Unter der spanischen Herrschaft wurden die mittelalterlichen Befestigungen den zeitgenössischen Erfordernissen angepaßt. So entstanden im Jahre 1644 die Petrusskasematten und andere bedeutende Bastione wie die fast gänzlich erhaltene Bastion Beck, auf deren Plattform sich heute die "Place de la Constitution" befindet. Unter der Leitung des Feldmarschalls Vauban erhielten die Petrusskasematten ihre heutige Form. 1746 richteten die Österreicher die "Batterie de la Pétrusse" ein.

Geöffnet an Ostern, zu Pfingsten und während der Schulferien.
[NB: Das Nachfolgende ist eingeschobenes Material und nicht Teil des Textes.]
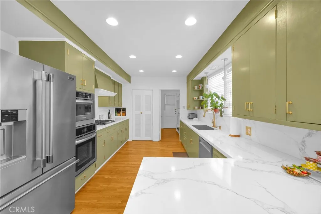 Welcome to 929 East Marshall Place, a distinguished two-story Colonial Revival nestled in the heart of Bixby Knolls. Offering five bedrooms, four bathrooms, and 3,100 square feet of updated living space, this residence seamlessly blends timeless architecture with modern comforts. The homes curb appeal is undeniable with its symmetrical faade, landscaped grounds, and brick walkway leading to an arched entry create an inviting first impression. Inside, a grand foyer welcomes you with hardwood floors, intricate moldings, and an elegant iron staircase, setting the stage for sophisticated yet livable interiors. The main level features expansive formal living and dining rooms, highlighted by a herringbone-tiled fireplace, custom lighting, and French doors that open to the lush backyard. The remodeled kitchen pairs sage cabinetry with quartz countertops, stainless steel appliances, and a charming garden window. A versatile sunroom with terracotta tile floors and direct outdoor access provides additional space for relaxation or entertaining. Two first-floor bedrooms, including one with an ensuite bath, offer flexibility for guests, an office, or multi-generational living. Upstairs, the primary suite serves as a private retreat with French doors opening to a balcony, a spacious walk-in closet, and a spa-inspired ensuite with dual vanities and a soaking tub. Two additional bedrooms and a flexible landing area, perfect as a reading nook or gallery wall round out the upper level. Throughout, original details have been carefully preserved while bathrooms and finishes have been thoughtfu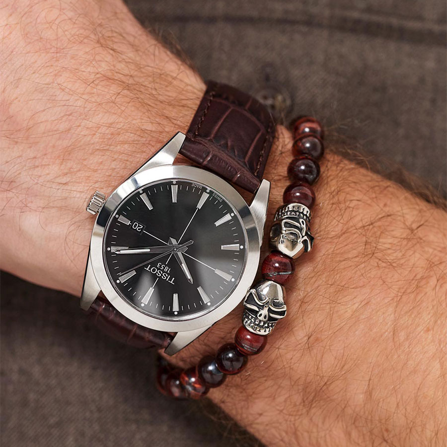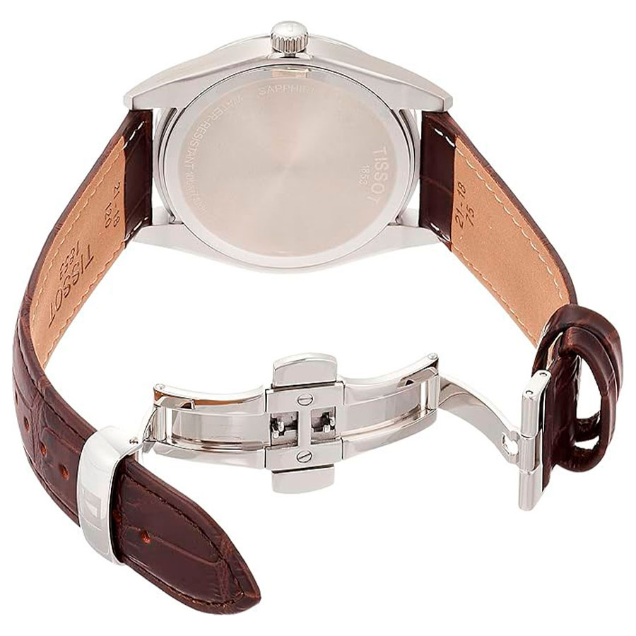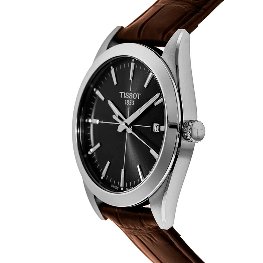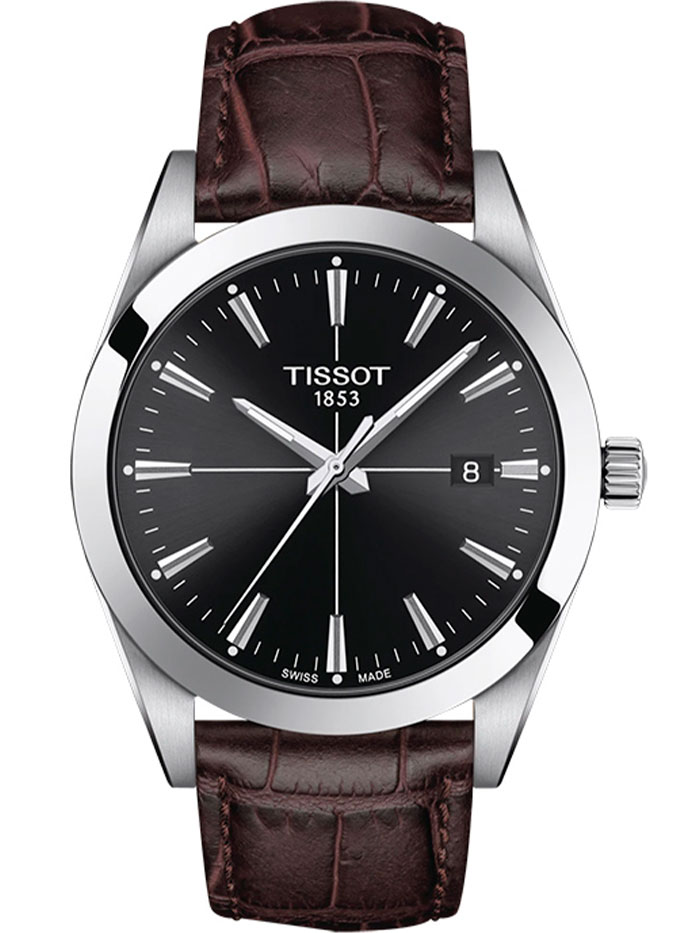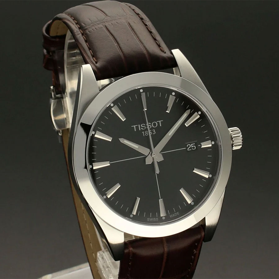 Мужские кварцевые наручные часы TISSOT Gentleman T127.410.16.051.01 коллекции T Classic. Калибр механизма — ETA F06.115. На данной модели отображается текущая дата. Стрелки и метки покрыты люминесцентным напылением Super-LumiNova® (светятся в темноте). Сапфировое стекло с антибликовым покрытием, устойчивое к появлению царапин. Кожаный ремешок. Водонепроницаемость WR100 (10 атм). Размеры корпуса: (ШxТ) 40x8.5 мм. Гарантийный срок — 3 года (1 год от производителя + 2 года от магазина).
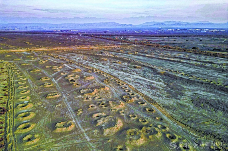 俯瞰吐鲁番市东部戈壁滩上的坎儿井竖井井口(12月3日摄)。目前,吐鲁番市共有坎儿井1108条。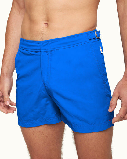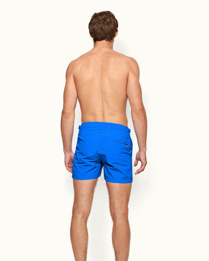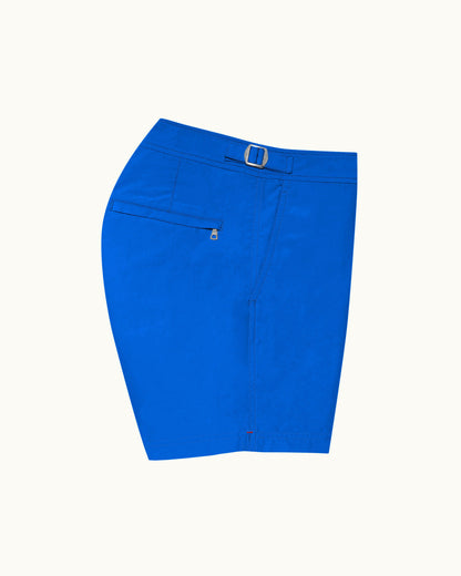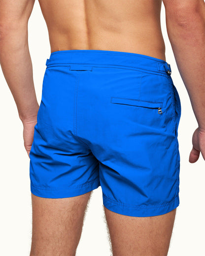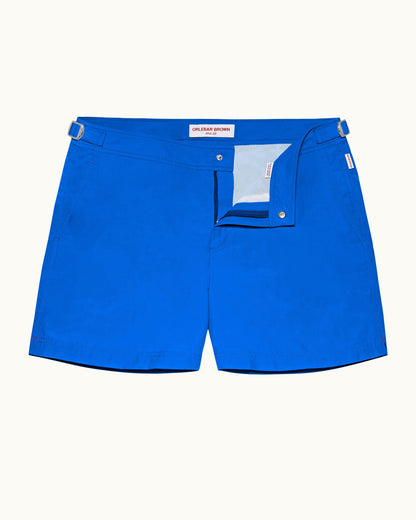 The OB Classic Setter in Nova Blue is based on the pattern of a traditional man’s suit trouser – it's not a swim short, but a short you can swim in. The shorter length swim shorts have a perfect fit and signature side-fasteners. With over sixty elements in each pair, OB Classic swim shorts are made from 100% recycled plastic.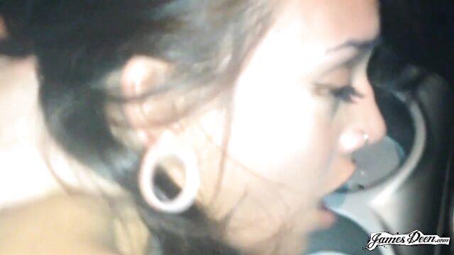 Description: Janice Griffith wears a flower-printed dress under a brown cardigan as she hops into James Deen’s car. She has a pair of eyeglasses on making her look nerdy. She looks too innocent when she smiles especially with her pearly white teeth shining brightly in the dark. As soon as James starts driving away from where he picked her up, her aura and attitude shifted from this school girl feeling to a sexy vixen kind-of-vibe. But any action didn’t happen right away, they simply talked, trying to get to know each other. The sexual tension between them rises as they continue to drive and learn more about each other. At that moment, Janice takes initiative and takes off her cardigan. She lets him know that she’s ready as she spreads her legs widely apart. She pushes her dress down to her stomach setting her small tits free. At the sight of her cute breasts and hardened nipples, James instantly stretches his arms out pushing her dress up so he can touch her already wet and tight pussy. He slowly rubs her clit with just one finger making her moan at the pleasure before using his other fingers to play with the walls of her pussy. The sensation sends electricity all over her body that she adjusts the passenger seat before putting her legs up, bending her knees and spreading them widely. James parked the car in the darkest corner of the street. He then makes Janice’s whole body face him before putting her right foot under his gray long-sleeved top. Filled with lustful desires and the will to prove that she is more than an amateur porn star, she strikes right away. She aimed for his big dick. She grabbed it, licked it but he stopped her before she can even deep throat his full member. He gives her a peck on the lips as he drives away from the darkness. No one even bothered to put their clothes back on as they head inside James’ bedroom. Janice, still wearing her eyeglasses, a pair of earrings, a green armlet and a beaded bracelet, now patiently waits on the bed covered with dark brown sheets. She lies down on the edge of the bed as James, now fully naked, approaches. He kneels beside it and tongue fucks her. His warm breath and wet tongue roaming around her clit and the walls of her pussy make her shiver. She grabs on the sheets so hard and lifts herself up wanting to see how he does it. Before she can even take a peek, he rams his hard cock into her wet and tight pussy. She loudly moaned at the unexpected action. He puts one of legs on top of his shoulders. This position definitely turns her on ever more. Feeling his cock throbbing and her pussy thudding, he pulls out of her. He just didn’t want her to cum yet. James lets her suck his dick for some time. He then drags and makes Janice face the gray wall just beside bedroom door. He enters her pussy from behind and fucks her so hard that she had her first orgasm before he can even pull his dick out. She once again gave him a blowjob, licking her warm cum from his cock. The petite beauty and the porn star headed back to the bed for more rough sex. He lies down on the bed as she lies on top of him. He thrusts his big dick on her wet pussy again. She takes the matter into her very own hands as she sits up and begins riding his dick hard as fuck. She then sits on his face giving his tongue and mouth direct access to her pussy as she deepthroats him. They shifted into missionary position before Janice Griffith goes down on her knees and sucks his hard cock as if her life depended on it. Without any warning, James Deen came inside her mouth. She swallows his cum without any hesitation.

Geführte Besichtigungen von 11 bis 16 Uhr.

Die Zitadelle des Heilig-Geist-Plateaus

Die beiden im Jahre 1685 errichteten Bastione und eine schmale Gasse in Richtung Stadt schnitten das Heilig-Geist-Plateau von den Stadtteilen ab und führten so zu der Entstehung einer Zitadelle, die auf der Südseite durch Festungsmauern verstärkt war.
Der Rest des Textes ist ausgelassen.